08

 それから、錦を傍に置いて三日ほど経過した。一つ彼女について分かったのは、錦は元々上級貴族の娘であり、かつて本当に貴族の覇権争いに巻き込まれたことがあったということだ。それは様子を見に来た市丸から世間話のように聞いたことで、訊ねてもいないのに彼はぺらぺらと話した。当時は大変な騒動になったそうだが、錦の身の上などグリムジョーにとってどうでも良いことだった。
 そしてもう一つ、判明したことがある。
 錦はどういうわけか破面と打ち解けるのが上手かったのだ。
 グリムジョーの従属官たちは勿論のこと、男の癖に女口調の第二十刃の従属官や、十刃落ちの女破面とはいつの間にか友人関係になっていた。そのことをディ・ロイに訊けば「俺が気づいた時には女同士で盛り上がってた」としか言えず、当てにならなかった。というか、友人の内の一人はどう見ても男だろう。何だ女同士って。
「…変な奴だな、お前」
「?」
 あの時、刃を交えた死神と同一人物とは思えない。
「グリムジョーはいつも不機嫌そうだな」
 そしてこいつは失礼なことを堂々と述べる。この辺りは前の時の彼女も同じように口にしたかもしれない。前と今で共通することは、彼女は良くも悪くも素直だということだ。
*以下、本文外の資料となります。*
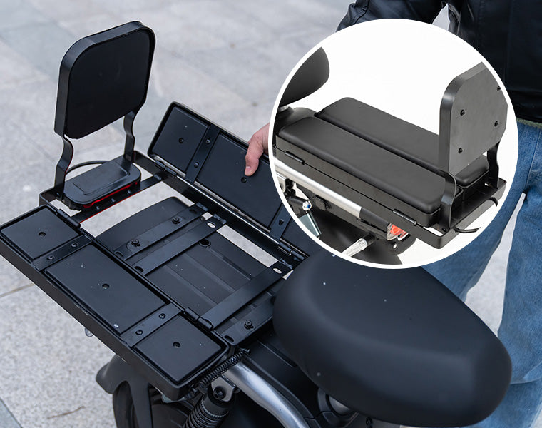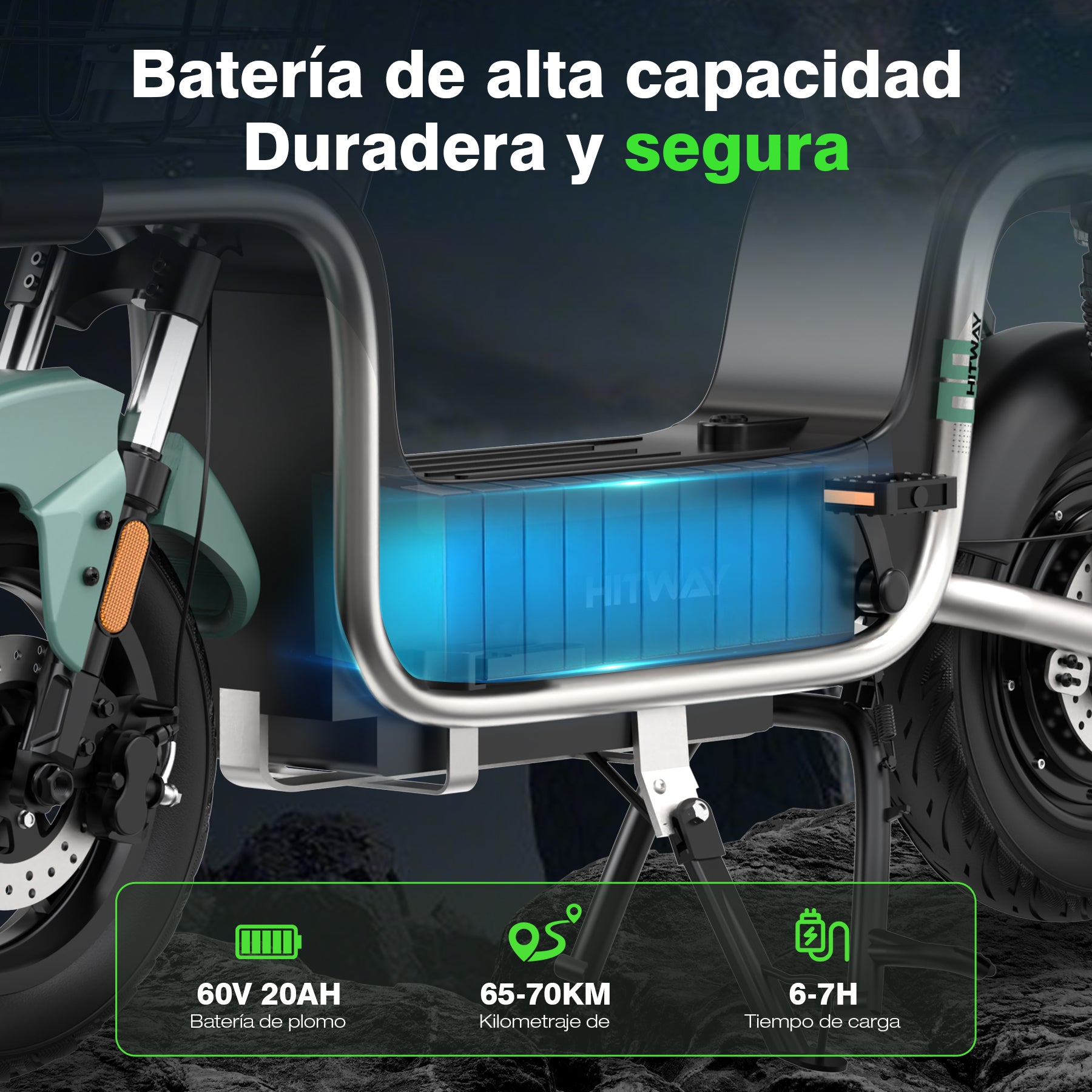 Súper potencia de 1000W, potencia máxima de hasta 1500W, fácil de superar pendientes empinadas de hasta 15°. Velocidad de 47KM/H duplica la eficiencia de los desplazamientos, ya no tiene que preocuparse por llegar tarde. La batería de 60V 20AH es de ultra larga duración, cargando una vez puede funcionar durante varios días, y se puede llenar en 6-7 horas. Asiento trasero multifuncional puede llevar tanto a las personas y las mercancías para satisfacer sus múltiples necesidades.

「……別に不機嫌じゃねえ。余計な詮索せずにてめぇは適当なところで遊んでろ」
「てめぇじゃない」
「あ?」
「最初に会った時から『お前』だの『てめぇ』だの不愉快だ。ちゃんと名前で呼んでくれ」
 一々面倒な奴だ。まあ、お貴族様からすれば付けてもらった名前に意味があるのだろう。
「…分かったから、取り敢えず俺の邪魔だけはするなよ」
「私は何か邪魔になるようなことをしているのか?」
 グリムジョーは最初、芦屋錦は貴族なのだから金と権力に惑わされた愚かな娘に違いないと踏んでいた。
 しかしその予想は外れることになる。
 意外なことに錦は別段不快な我侭を言うわけでもなく、ただ好奇心を満たす質問や散歩をするだけで、あれ持ってこいそれ欲しいといった類の我侭を言わなかった。加えて頭脳もあるようで、踏み込むべきところとそうでないところの判別も上手い。なんだか錦は、想像していた貴族のイメージとかけ離れていた。
 とはいえどんな奴だろうと、面倒なことに変わりはない。
「なあグリムジョー、ちょっと気になっていたんだが」
「…今度は何だ」
「貴様が腰に差しているそれは斬魄刀か?」
 錦は隣に座り、触りたそうにそわそわしながらグリムジョーの刀を凝視する。
「死神と同じ斬魄刀なのか?」
「………俺たちの刀は、能力の核を刀の形に封じたもの。死神のそれとは違えよ」
「じゃあ能力を解放すれば形が変わったりするのか?」
 それは、死神でいう始解や卍解のことを指しているのだろうか。
「“帰刃レスレクシオン”はある…が、死神と同じモンかって訊かれると……多分違う」
 ――――逐一説明してる俺はどうかしてんな。
 内心自嘲するが、藍染からの指示故付き合ってやる。
 かなりアバウトな答えだったが、それで満足したらしく錦は微笑した。
「そうなのか。ありがとう」
「は?」
「ん?」
 どうした?と目で訊いてくる錦に何でもねえも答え、グリムジョーはちょっとした動揺を鎮める。些細なことであったが、藍染以外に、しかも何の皮肉もなく“ありがとう”と感謝されたのは初めてだったので僅かに驚いただけだ。刀のことを教わった程度で感謝するなどどうかしている。錦は本当にわけが分からない奴だ。やはり死神としての記憶がない奴と関わるもんじゃない。グリムジョーは何度目か分からない溜息をついて、もう別のことに興味を示している錦をぼんやり眺めた。